According to Nielsen, Twitter was the fastest-growing member community in the past year, seeing a 1,382 percent growth in the number of unique visitors from February 2008 to February 2009.

Although Twitter is experiencing explosive user growth, it’s finding challenges in keeping its users. This week Nielsen revealed that more than 60 percent of Twitter users fail to return the following month after signing up. It should be noted that this is often common of viral growth and social platforms like MySpace and Facebook, which have experienced high churn numbers in their early days as users tried the service and then waited until they found relevance in the developing community or content. Make no mistake, users like the one-to-many broadcasting stage that twitter provides.

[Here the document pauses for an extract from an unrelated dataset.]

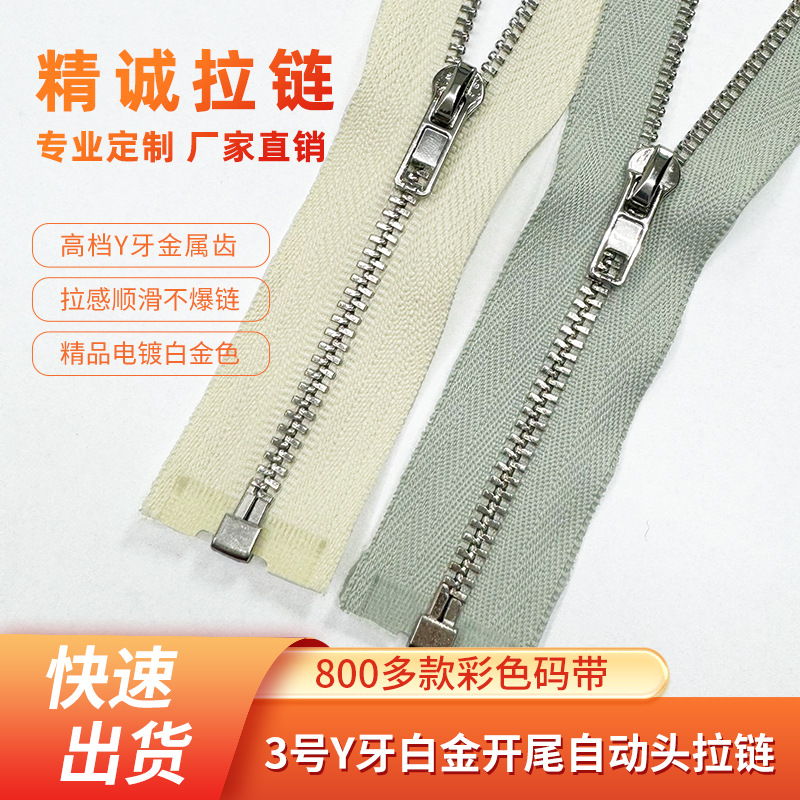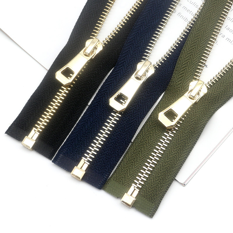 金属ファスナー3号開口浅金歯銅ファスナー服コートファスナーリングプルヘッドセルフロック現物卸売り

Whatever Happened to the Queen’s English?

Interestingly, some folks are concerned that our proper use of English and the written word (paper letters, snail mail, etc) has suffered as a result of the mass public’s assimilation of e-mail. The concern stems around the informal and immediacy relative to older communication methods.

The general feeling being that as a result of e-mail, no one is able to write a complete sentence or tell a good story. Well, then came instant messaging, texting on cell phones, and now “Tweeting,” which basically says, “If you can’t say something in 140 characters, then you’re writing too much.”

For some, this can be a great concept. Get to the point, cut the fat, time is money… things of that nature.

Is this a social network for those waiting to tell their life story? Probably not. But it’s a great way to share information quickly and succinctly.

Additionally, Twitter is perpetuating a vocabulary all its own (for full list of ways to use Twitter, check Twitter Help). I’ve also learned that you can put a “Tw” in front of just about any verb or noun and create some new twocabulary. For example, my son now lovingly refers to me as a “twidiot” (Find more terms like this at Twittords).

Should Local Marketers Embrace Twitter?

At this point yes and no; like most new/emerging platforms, it depends on your business category. Tweeting is a lot like word-of-mouth marketing. A non-scientific review of tweets showed that users are providing information and advice (reviews) on restaurants and entertainment topics such as movies, clubs, and music.

I’ve seen some innovative examples of quick-serve restaurants that accept “tworders” for their drive-up windows and other uses happening at the local marketing level. If your business is affected by trends or the above-mentioned category, then dive in.

For the rest of us, keep in mind that we’re still very early into the Twitter growth curve and, as such, interested audiences within specific geographic areas may still be small. Most local marketers should look, listen, and learn.

Get started by signing up for a user account. A simple search for “twitter tools” on any search engine will return you with a huge selection of tools to help guide your use of Twitter. I use TweetDeck to organize the information as it streams in.

Other popular tools include:

As with other social networks, several applications are available for mobile devices such as the iPhone and BlackBerry.

Most of the local tools, such as TwitterLocal, focus on communications/tweets that are happening within a specific radius of the users, and are not yet organized by category, interest area, etc.

As the interactive universe continues to grow, I’m often fascinated at how new emerging technologies and platforms are viewed through their own experiential lens. Search marketers believe Twitter is a search phenomenon, whereas word of mouth experts believe it’s the ultimate referral engine. The truth is somewhere in the middle and, as always, users/consumers will dictate how they use the service.

I expect that some savvy local marketing company will add Twitter communication capabilities for local merchants to conduct one-to-many conversations with their local target audiences at some point in the future. Until then, look, listen and learn.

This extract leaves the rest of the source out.